The recent rehang of Tate Britain’s collection reflects this crisis of identity, remodelling their collection to speak to the diverse experience of what it means to be British. Centred around social relevancy, the Director of Tate Britain, Alex Farquharson, argues that the gallery wishes to present ‘a more expansive story of British art in ways that resonate with us today’. Drawing upon aspects from the past rehangs, the opening wall label for the collection readies visitors to view a curated chronology that relates the historical British artworks to their ‘social, cultural, political, economic and technological contexts’. The rehang self-consciously recognises and challenges this history by situating objects within these broader contexts, with the titles of the rooms and the wall labels relating the paintings to broader social histories. Additionally, seventy new works acquired within the past five years are exhibited. Within the introductory wall label for the exhibition, the Tate addresses that these acquisitions are more modern; a fact that speaks to the difficulty of diversifying the early collections where the majority of works available represent a small sector of the British elite Where the recent acquisitions within the later rooms offer a more balanced and diverse presentation of history, contemporary artistic interventions are employed within the earlier rooms that waken and engage viewers, inviting them to recognise how our modern sensibilities and experiences find parallels in history. These interactions between the canonical and contemporary works engage with cross-historical narratives, repositioning the permanent collection as relevant for modern visitors. Thus, where the collection’s older paintings struggle to prove significant for a modern society, the rehangs focus upon contextualising the collection presents a broader and consequently more inclusive version of a British history that visitors can relate to.

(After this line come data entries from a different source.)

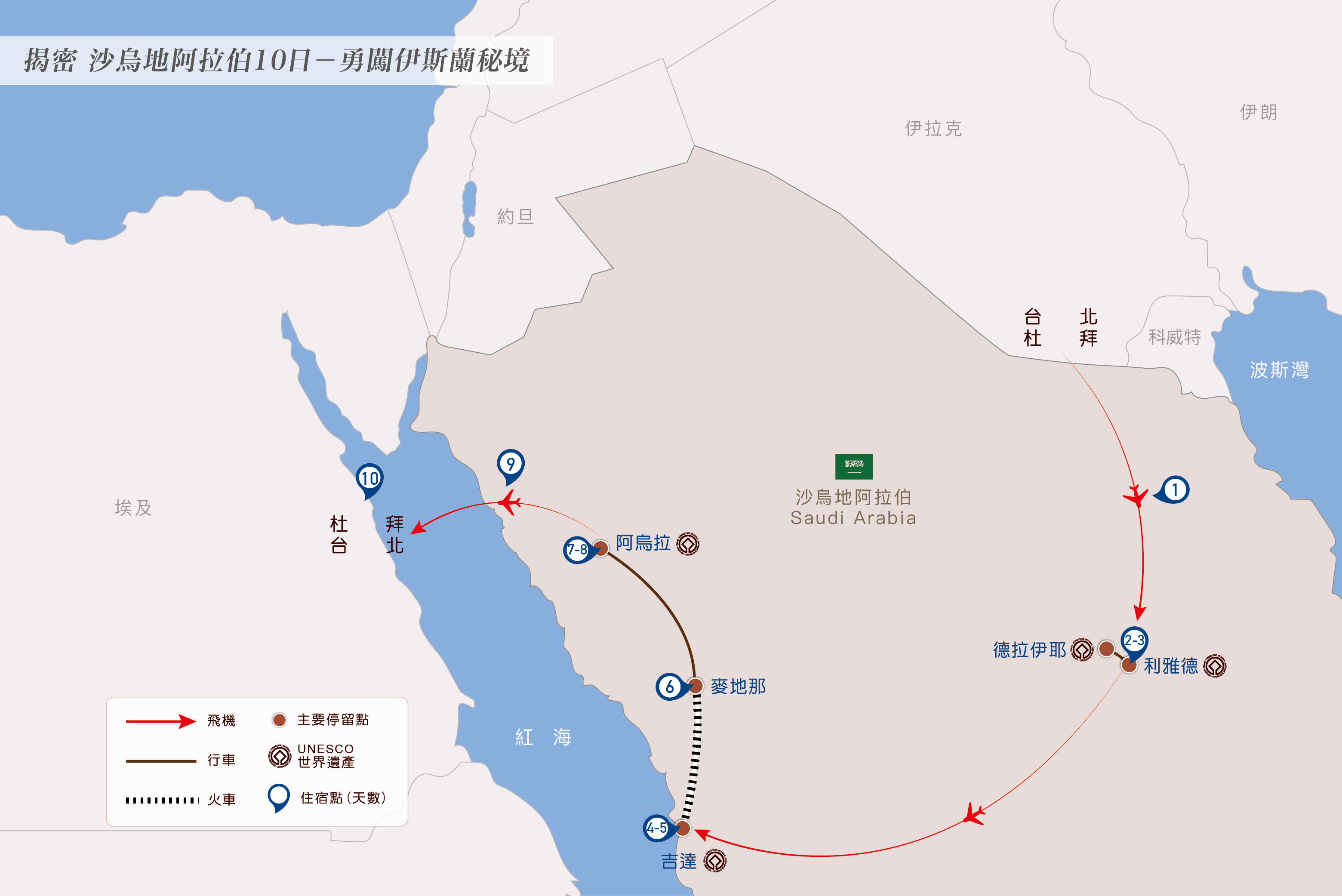 安排吉達五星連泊,沙國第二大城市、第一大港、重要的金融中心。東距麥加約70千米,是漢志省唯一允許非穆斯林居住的城市,也是全世界穆斯林進入麥加和麥地那進行朝覲的陸、海、空交通要道。
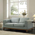 - Designed with track armrests and solid wood base, the sofa features seat cushions composed of springs and foam for a comfortable lounge place
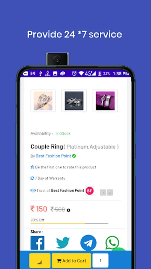 Best Fashion Point is new start up for selling and purchasing variety of products under one app. Our thought behind the start up is to make the customers experience hustle free. We assure our clients about the product and want to say them that they will never be cheated from our side. As a young start up we will provide many offers to them. We guaranteed that the experience of the customers will always be hustle free. We provide 24*7 service.
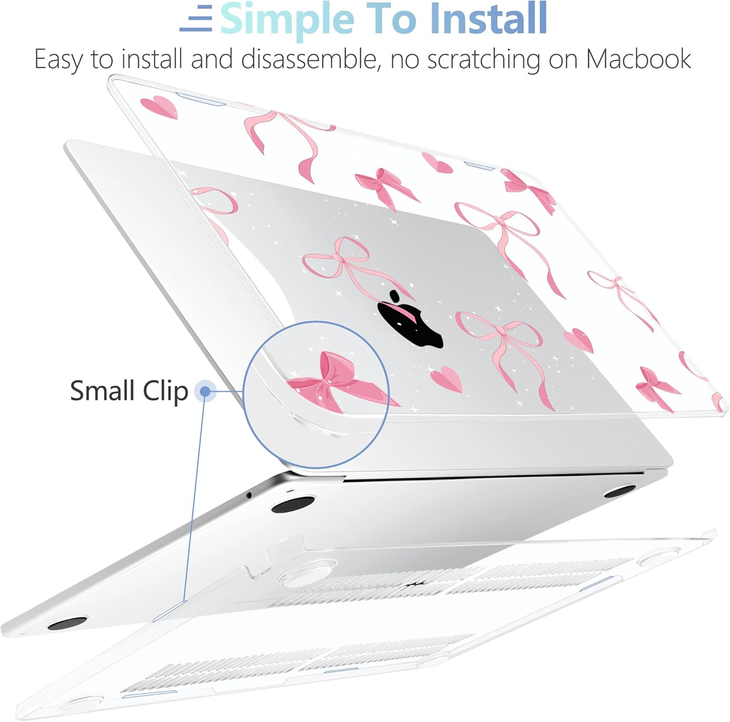 - Design Features of Case: The bottom case is designed with vents for maximum heat dissipation. The bottom case has non-slip feet to avoid slipping during use. The precise cutting design allows you to access all the ports of your MacBook. For Macbook air 2022 case is easy to install and remove
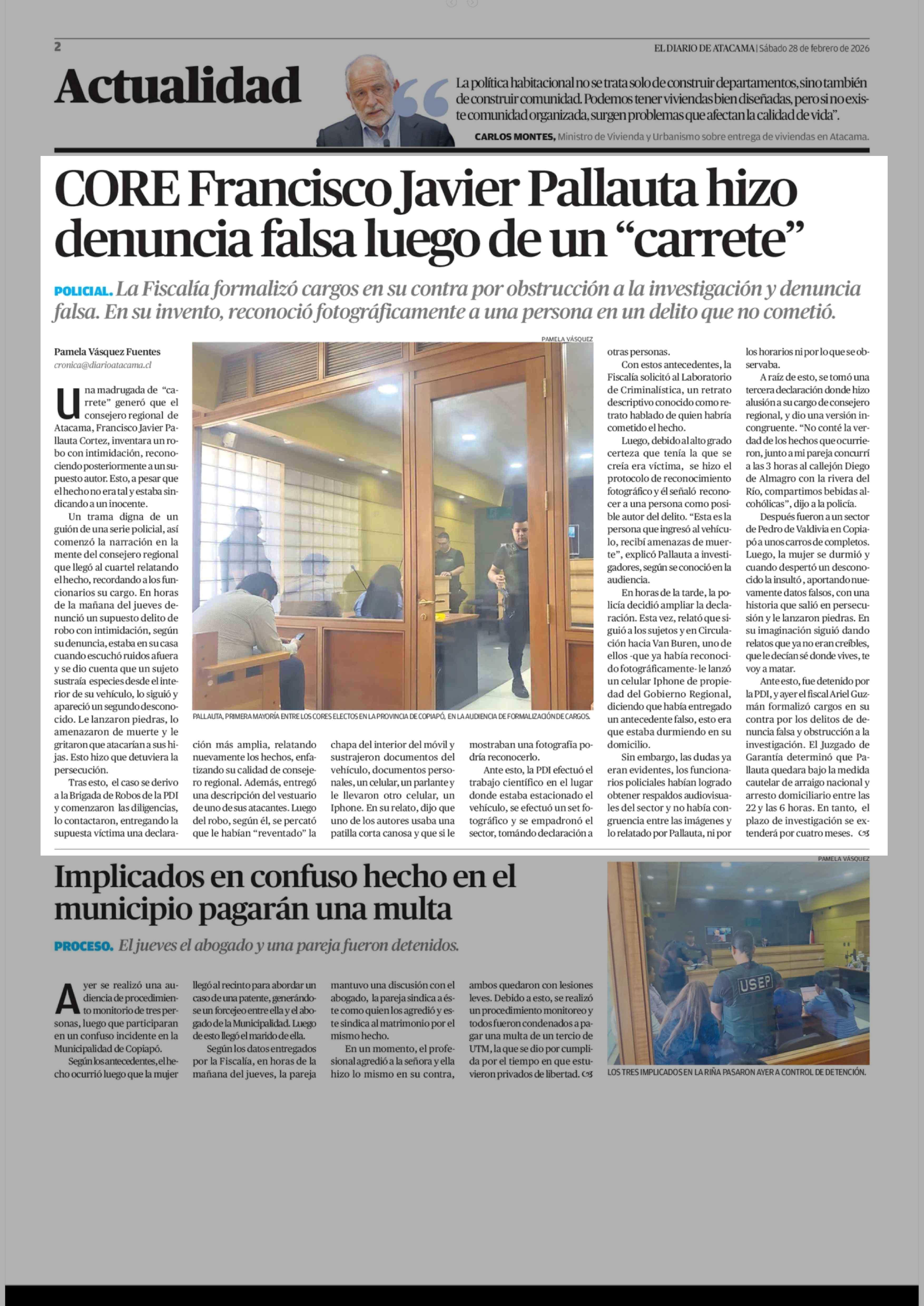 CORE Francisco Javier Pallauta hizo denuncia falsa luego de un "carrete" 28-02-2026 El Diario de Atacama |
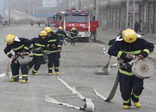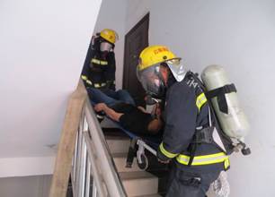 9时38分,消防官兵到达现场,立即成立了火场前沿指挥部,并对现场群众进行疏散,开展火情侦查。根据侦察情况,指挥员迅速下达作战任务,第一组迅速对楼外围观人员划定警戒线,禁止无关人员进入,维持火场周边秩序;第二组由2名战士穿戴好防护装备深入火场内部进行查明起火部位、燃烧物质、燃烧范围、蔓延方向及途径、火势蔓延情况;第三组利用水罐消防车,迅速在楼外架设一支水枪压制大楼外围火势;并沿楼层架设一支水枪直攻火点,实施灭火;第五小组佩戴空气呼吸器和个人防护装备沿疏散楼梯进入楼内搜救被困人员。命令下达后,各小组按照分工救人和灭火战斗同时展开。经过全体官兵20多分钟的全力扑救,“大火”被彻底扑灭,且被困人员安全救出,整个演练过程节奏紧张,气氛高涨,演练取得了圆满成功。
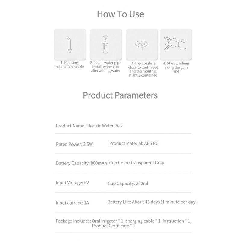 Water Flosser สมาร์ทไฟฟ้าปาก Irrigator น้ำไห มขัดฟัน 280 มล. ชาร์จ USB แบบพกพา
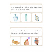 El material tracta de 20 làmines plastificables per treballar la lectura de frases i la seva comprensió . Els alumnes hauran de llegir i escollir la opció correcta entre tres possibilitats.
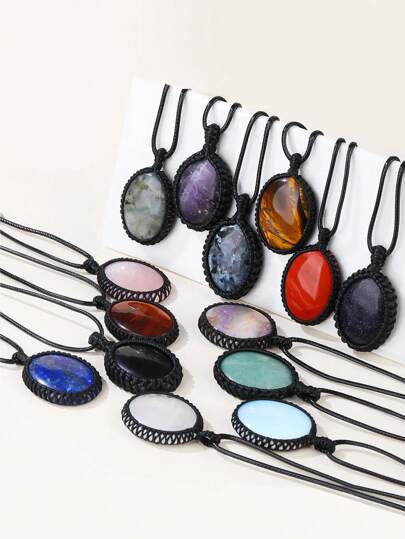 1pc Oval Natural Stone Pendant Crystal Necklace  Rope Wrapped Natural Stone Quartz Pendant Necklaces For Women Men Braided Spirituality Jewelry - Necklace - View 24
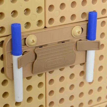 Освітня дошка Masterkidz STEM Wall Board дозволяє творчо грати та пізнавати світ науки. Панелі мають отвори, в які можна вставляти різнокольорові шпильки для створення красивих візерунків. Також на дошку можна кріпити різноманітні навчальні посібники, шестерні, трубні системи з насосом та інші цікаві елементи.
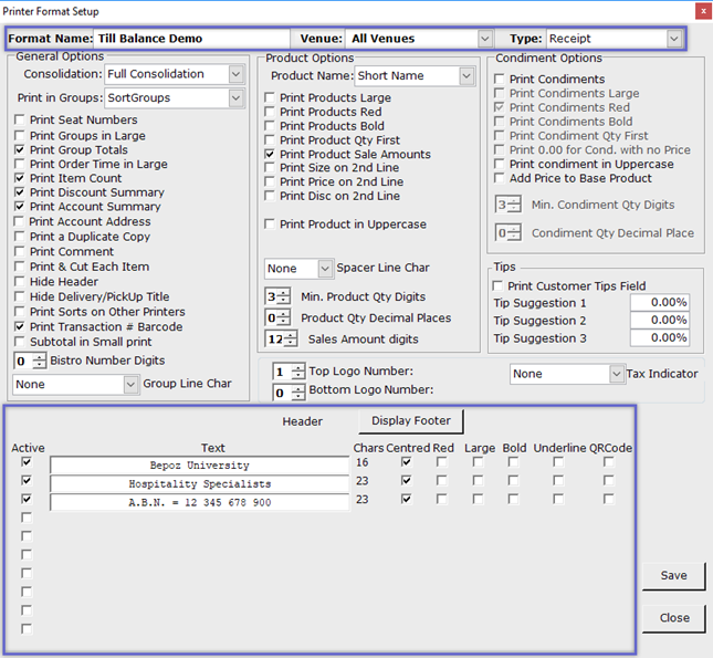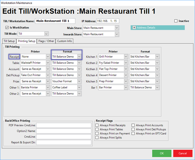 - The Till Balance Header is configured in the Printer Format Setup and then teh Printer Format is assigned to the Receipt Printer in Workstation Maintenance

Critics of the Farquharson’s rehang consider the contextualisation a token step in addressing the collection’s implicit histories, with Jonathan Jones from The Guardian arguing that the rehang presents ‘a veneer of current concerns with slavery, empire, sexual identity and gender onto displays that are otherwise familiar’. Whilst there is truth within Jones’s nihilism, the exhibition does reflect upon the contingent meaning of objects that change when new generations address them. Within the third room of the exhibition, titled ‘Metropolis’, paintings from the eighteenth century reflect upon Britain’s increasing urban identity. The gallery introduces a form of group portraiture known as ‘conversational pieces’, where families and friends were depicted together within domestic settings. These group portraits, such as The Strode Family and An English Family at Tea superficially appear unproblematic, reflecting ways in which families still gather now. In dialogue with each other, the paintings present a fixed view of a prosperous Britain. Yet, the contextualising wall label refers to a more complex history, highlighting how the representation of domesticities including tea, coffee, and porcelain implicitly refer to Britain’s involvement with the transatlantic slave trade that made these commodities accessible. The subjects presented within the ‘Metropolis’ room are restricted to what Farquharson names as ‘an island nation collection’ that does not offer a direct commentary upon colonialism. This concept of an island-centric approach to British history functions as synecdoche for Eurocentrism, that Walter D. Mignolo defines in the context of museums as structures that ‘project as universal their own world sense and worldview’ that renders other histories invisible and irrelevant. The room’s contextualizing wall label makes visitors aware of the duplicity of easy readings of these jovial conversation pieces; while the works highlight Britian’s developing commercial market, they fail to mention that this economic growth was built upon ‘the transatlantic slave trade’.  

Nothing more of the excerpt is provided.